Deputy Mayor of Ottawa Serving with Steve Desroches
- In office December 2010 – December 2014
- Succeeded by: Bob Monette, Mark Taylor

Ottawa City Councillor
- In office December 1, 2003 – November 15, 2022
- Preceded by: Dwight Eastman
- Succeeded by: Clarke Kelly
- Constituency: West Carleton-March Ward

Personal details
- Born: April 23, 1957 (age 69) Kab-Elias, Lebanon
- Party: Liberal
- Spouse: Maha

= Eli El-Chantiry =

Lebanese-Canadian politician

Eli El-Chantiry (born April 23, 1957 in Kab-Elias, Lebanon) is a former Canadian politician. He was an Ottawa City Councillor from 2003 to 2022 and served as chair of the Ottawa Police Services Board.

He was born in Lebanon and moved to Canada with his family at age eighteen. After attending the University of Ottawa, he became a businessman, owning the Lighthouse Restaurant in Constance Bay in West Carleton.

El-Chantiry ran for city council in the 2003 Ottawa election to replace retiring Dwight Eastman. He won, defeating retired schoolteacher Adele Muldoon by 29 votes.

After the 13 June 2007 decision by Ottawa Mayor Larry O'Brien to resign as Chair of the Ottawa Police Services Board, El-Chantiry was nominated as the board's new leader, an appointment to be confirmed later in June 2007.

Following a public complaint on Eli El-Chantiry's 2014 campaign spending, his financials are audited.

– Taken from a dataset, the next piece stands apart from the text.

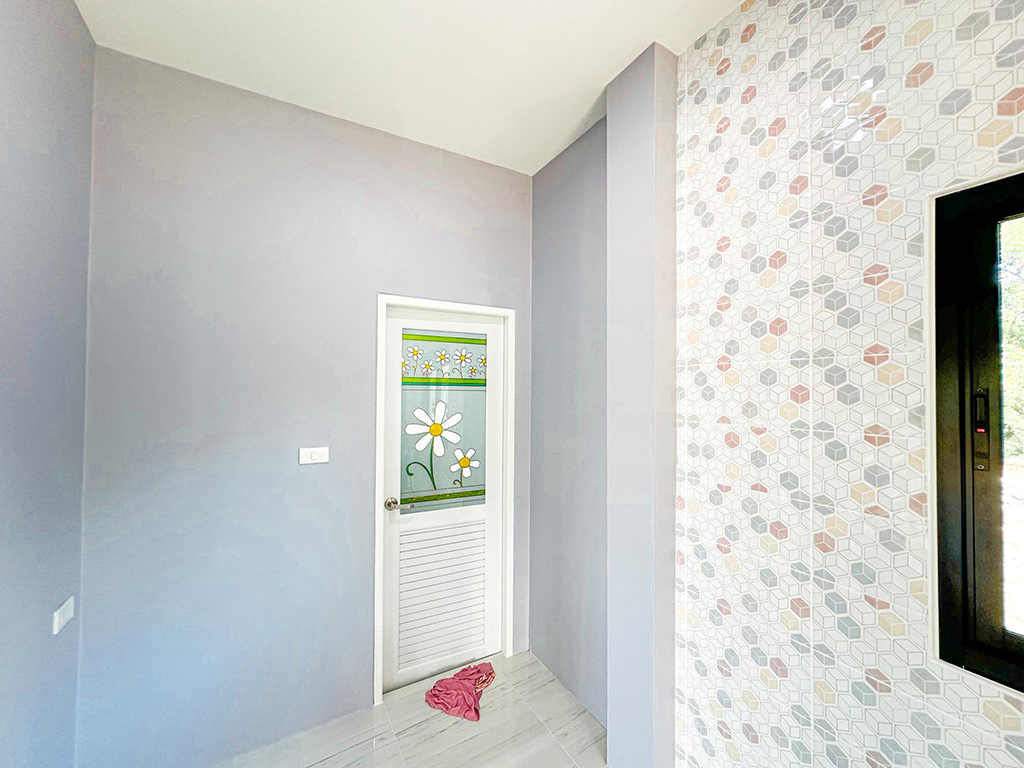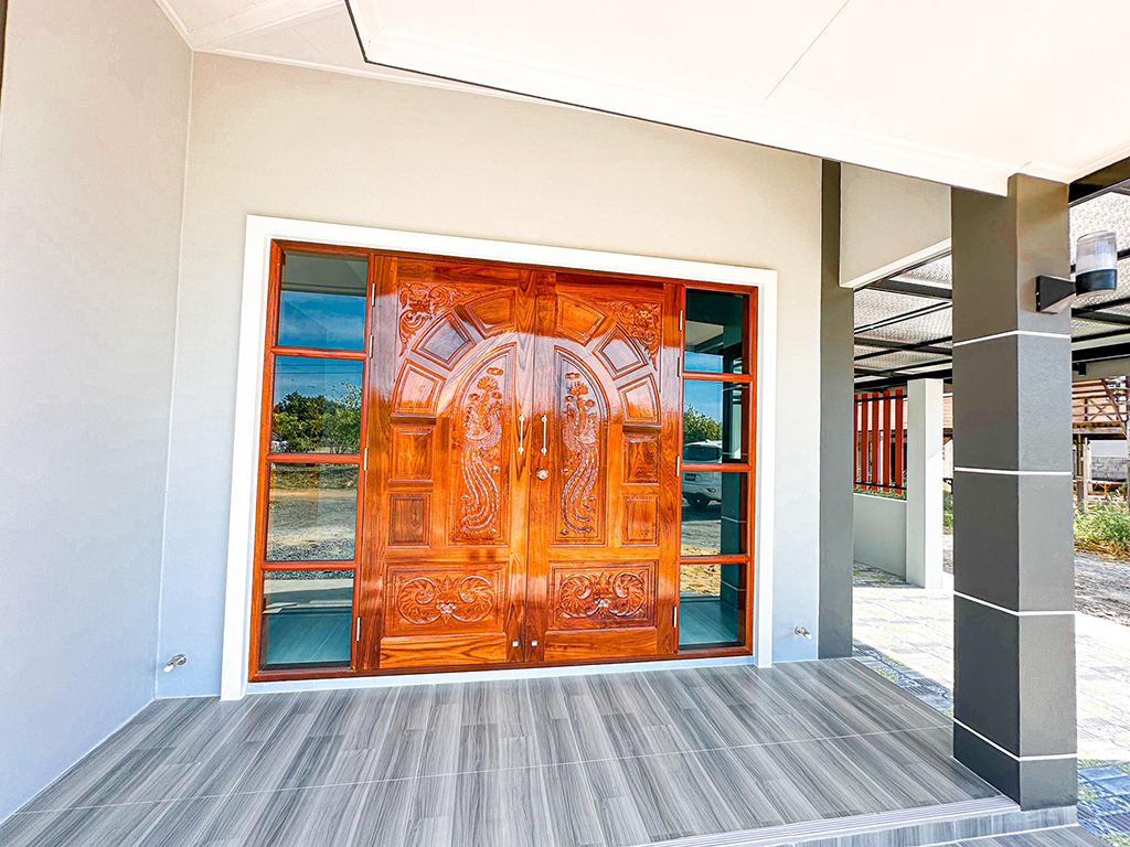 ด้านหน้าบ้านมีเฉลียงเล็ก ๆ พร้อมบันไดทางขึ้นที่ออกแบบอย่างเรียบร้อย แข็งแรง ปูด้วยกระเบื้องโทนสีเทาเข้าชุดกับตัวบ้าน ประตูหน้าบ้านเลือกใช้ประตูไม้บานคู่แกะลวดลายสวยงาม เพิ่มความรู้สึกอบอุ่นและหรูหราในเวลาเดียวกัน

The audit firm found a “clerical” error in his expense filings and a problem with the accounting of his nomination fee refund. Also, there was a question of Eli El-Chantiry not accounting for reused campaign signs in 2014, but the auditor couldn't determine a value for the signs. The committee let him off the hook.

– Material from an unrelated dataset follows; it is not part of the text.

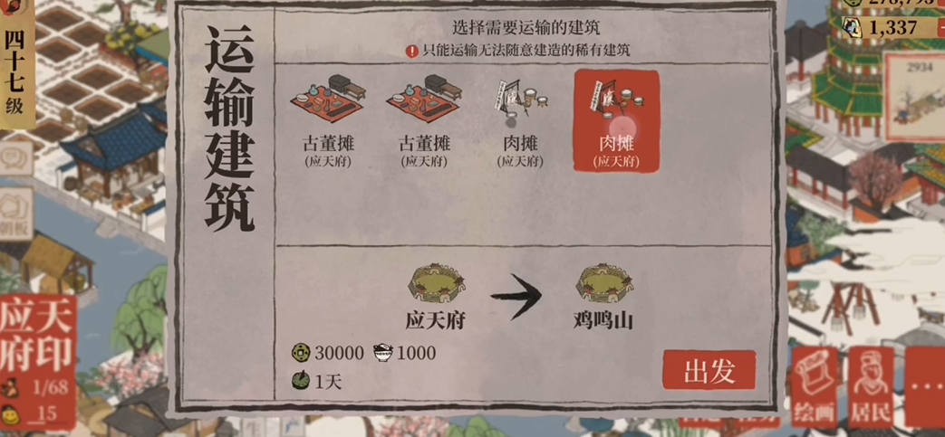 除了自主生产,玩家还可以通过游戏内的NPC和商人兑换肉类相关物品。严大人是游戏中常见的访客,他每日会出现在玩家城市中,玩家可以与他进行物品交换,获取肉摊等建筑。为了提高获得肉摊的几率,玩家可以将严大人的兑换过滤设置为士类别。盐商系统也提供兑换机会,当盐商达到三级时,每轮兑换中固定会包含至少一种小摊,如肉摊,供玩家选择。这些兑换方式为玩家提供了稳定的补充途径。

Again, embattled and at the centre of several police services gaffes over the years, Ottawa Police Association president Matt Skof publicly demanded El-Chantiry's resignation in March 2016.

In the 2018 Mayoral campaign, Eli El-Chantiry endorsed Jim Watson for mayor in the 2018 Ottawa municipal election.

Later in July 2018, in a recorded conversations between Ottawa Police Association president, Matt Skof, and an anonymous source, it was alleged Eli El-Chantiry was the target of an undercover bribery sting.

OPP investigate recordings about Ottawa police board chair

As Chair of the Ottawa Police Services Board, in June 2018, Eli El-Chantiry announces the selection of Uday Jaswal, formerly of Durham Police Services, as Deputy Chief for Ottawa Police Services, "Coun. Eli El-Chantiry, chair of the Ottawa Police Services Board, said Jaswal beat out four other competitors, who were shortlisted for the job as part of a country-wide search."[Jaswal] met all the criteria," said El-Chantiry. "He's a young, innovative thinker. He's educated, bilingual."

In October 2018, El-Chantiry is voted in for the fifth time as councillor for Ward 5.

El-Chantiry ceased to be a member or chair of the Ottawa Police Services Board in January 2019, being beat out by the first ever female police services board Chair.

On February 16, 2022, El-Chantiry became chair of the Ottawa Police Services Board in the midst of historic civil unrest in the city as a result of the Freedom Convoy 2022. City council voted to overhaul the police board and remove chair Diane Deans as a result of the handling of policing of the Canada convoy protest in Ottawa which began in late January 2022.